In the multi-color photosensitive material of the present invention, each unit of emulsion layers preferably consists of two to four layers that are sensitive to substantially the same spectral region. In the present invention, any color developing agent that is conventionally used to develop silver halide photographic materials may be employed, and aromatic primary amines such as p-phenylenediamine and p-aminophenol of the type described in Reference 1 may be used. The multi-color photosensitive material of the present invention uses a coupler which is a compound that reacts with the oxidized developing agent to form a dye, and a nondiffusing coupler having a hydrophobic group (conventionally referred to as a ballast group) in the molecule is preferred. The coupler may be either four- or two-equivalent with respect to silver ion. The coupler may be of low-molecular weight type or high-molecular weight type called a polymeric coupler. The coupler may be combined with any of the known photosensitive emulsions.

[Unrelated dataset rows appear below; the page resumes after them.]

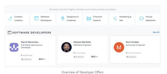 CanWork为有自由职业者招募需求的人和企业提供了一个平台,而且只收取1%的费用。在该平台,个人和企业都可以发布工作机会,而且可以提供公开报价、或是邀请式报价。邀请式意味着企业或个人只接受一些被邀请的自由职业者来竞标某项工作。这种模式给自由职业者创造了一种更加公平的平台,因为竞争变少之后,报酬价格也会趋于正常。
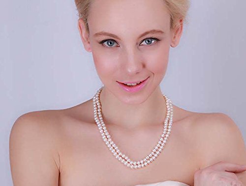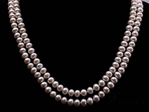 Description *Classic two-strand pearl necklace made with 7mm flatly round freshswater pearls.
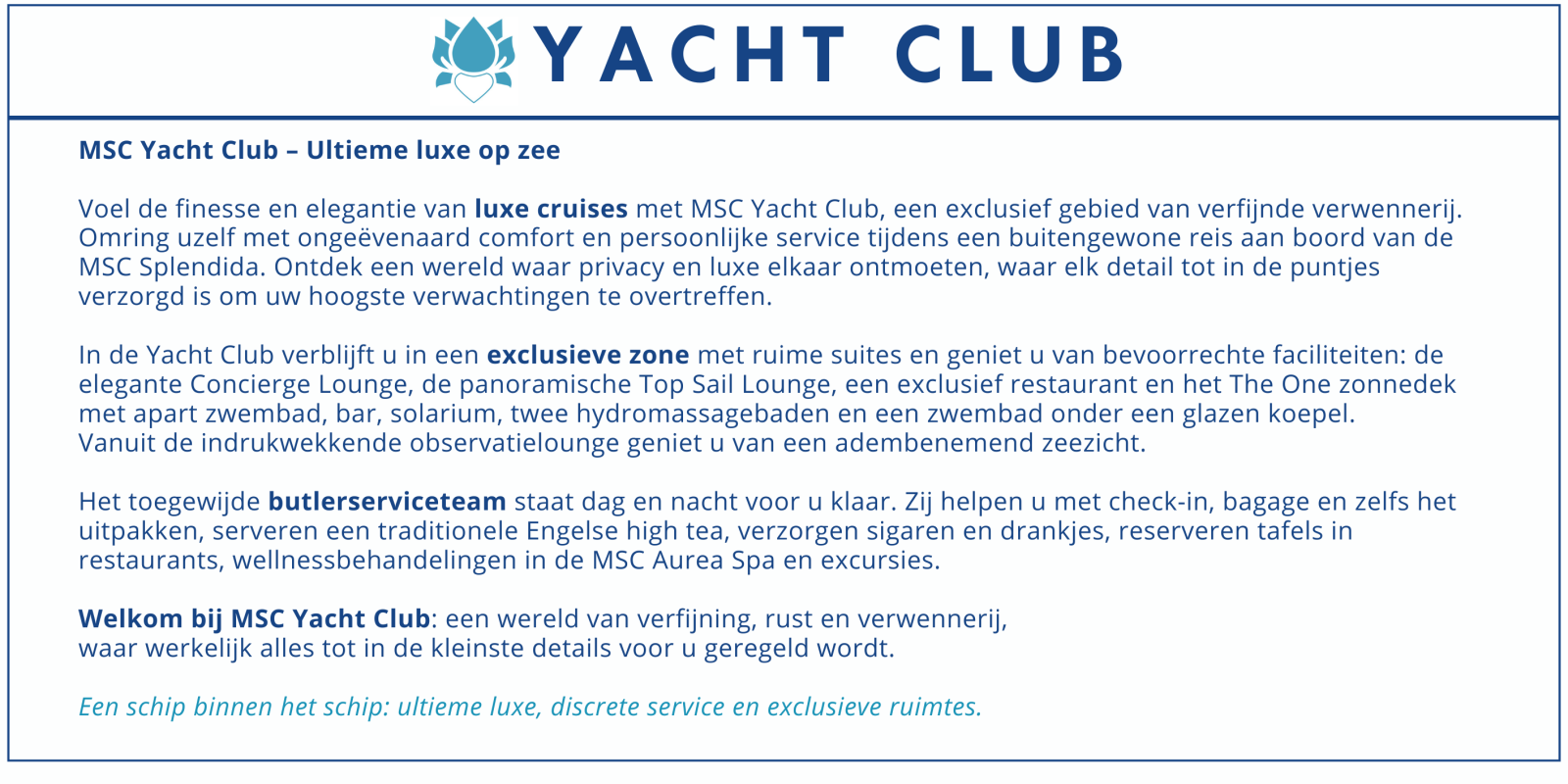 en toegang tot het luxe Yacht Club-gedeelte van het schip.
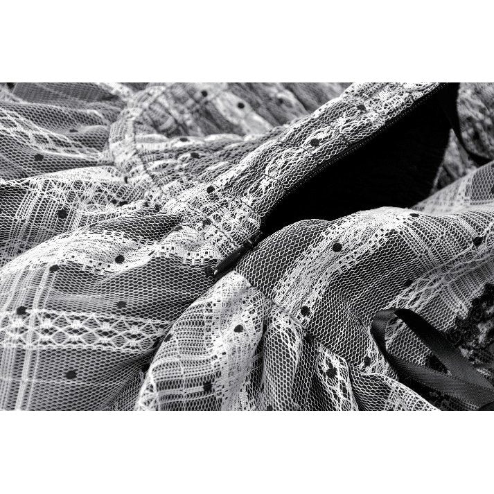 Unleash your punk enchantress with the Hexa Layered Tartan Skirt from Dark in Love. This striking piece combines black lace with monochrome tartan layers, creating a voluminous, ruffled silhouette that exudes both gothic elegance and rebellious flair.

The present invention is particularly advantageous for use in a multi-layer color photosensitive material, but it may also be used with good results in a multi-layer black-and-white photosensitive material that contains yellow, magenta and cyan couplers in layers having the same color sensitivity. The multi-layer photosensitive material of the present invention may contain a colored coupler for color correction.

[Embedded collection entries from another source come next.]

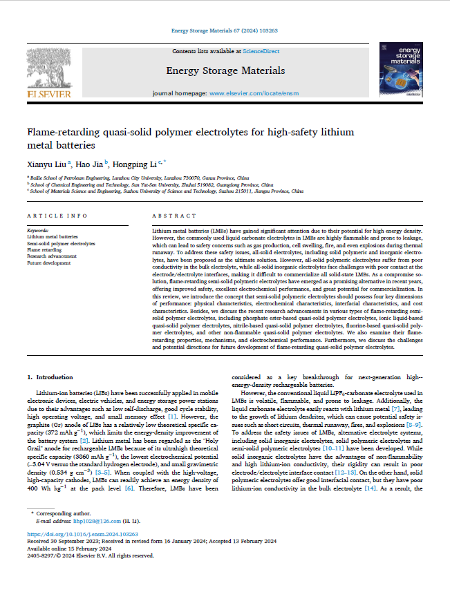 近日,点点官网培黎石油工程学院副教授刘现玉在中科院一区TOP期刊《Energy Storage Materials(能源存储材料)》上发表题为“Flame-retarding quasi-solid polymer electrolytes for high-safety lithium metal batteries(用于高安全性锂金属电池的阻燃准固态聚合物电解质)”的综述论文。
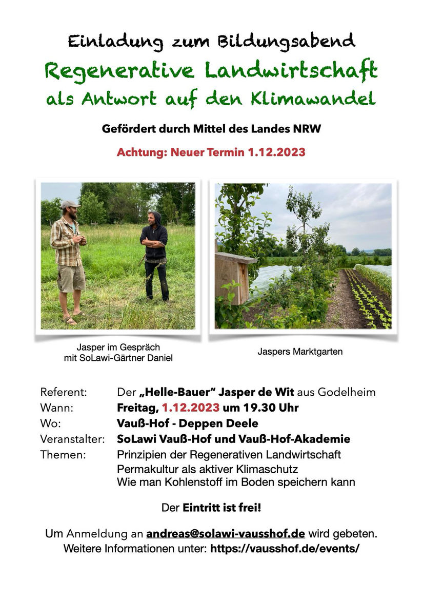 Die Solidarische Landwirtschaft Vauß-Hof lädt ein zum Vortragsabend mit Helle-Bauer Jasper de Witt zum Thema Regenwrative Landwirtschaft.
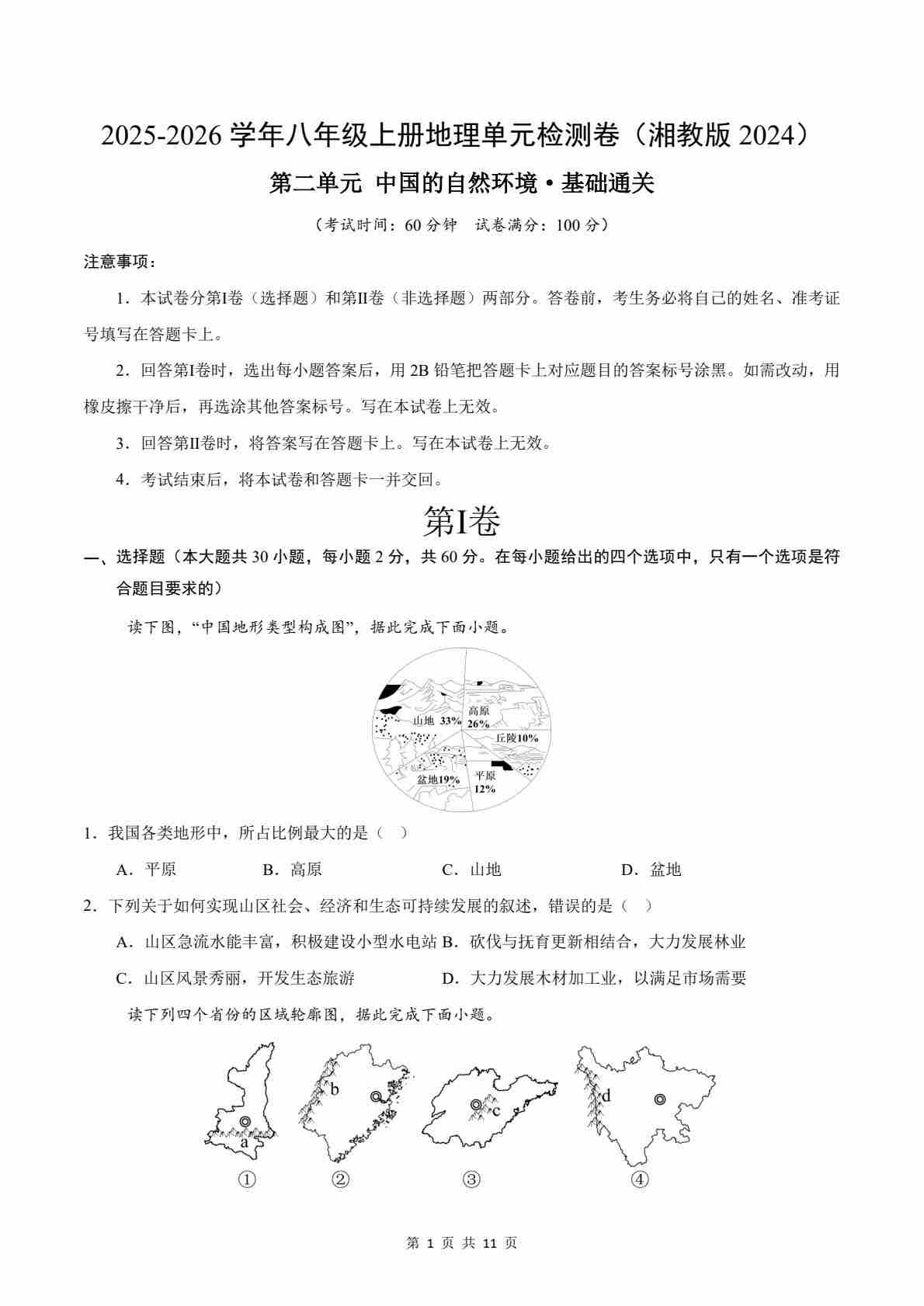 首页 > 全部 > 单元AB卷 > 【湘教】第2章测试·基础卷(考试版A4)

Known open-ring ketomethylene couplers may be used as yellow couplers, and benzoyl acetanilide and pivaloyl acetanilide compounds are used with advantage. Suitable yellow couplers are listed in U.S. Pat. Nos. 2,875,057, 3,408,194, 3,551,155, 3,582,322, 3,894,875, German Patent Publication No. 1,547,868, and German Patent Applications (OLS) Nos. 2,213,461, 2,261,361, 2,263,875 and 2,414,006. As magenta couplers, 5-pyrazolone compounds are primarily used, and indazolone and cyanoacetyl compounds may also be used. Suitable magenta couplers are mentioned in U.S. Pat. Nos. 2,600,788, 3,062,653, 3,127,269, 3,311,476, 3,419,391, 3,519,429, 3,558,319, 3,582,322, 3,615,506, German Pat. No. 1,810,464, German Patent Applications (OLS) Nos. 2,408,665, 2,418,959, 2,424,467, and Japanese Patent Publications Nos. 6031/65 and 2016/69. As cyan couplers, phenol and naphthol derivatives are primarily used, and their specific examples are given in U.S. Pat. Nos. 2,369,929, 2,474,293, 2,521,908, 2,895,826, 3,034,892, 3,386,830, 3,458,315, 3,476,563, 3,583,971, 3,591,383, and Japanese Patent O.P.I. Publication No. 78905/73.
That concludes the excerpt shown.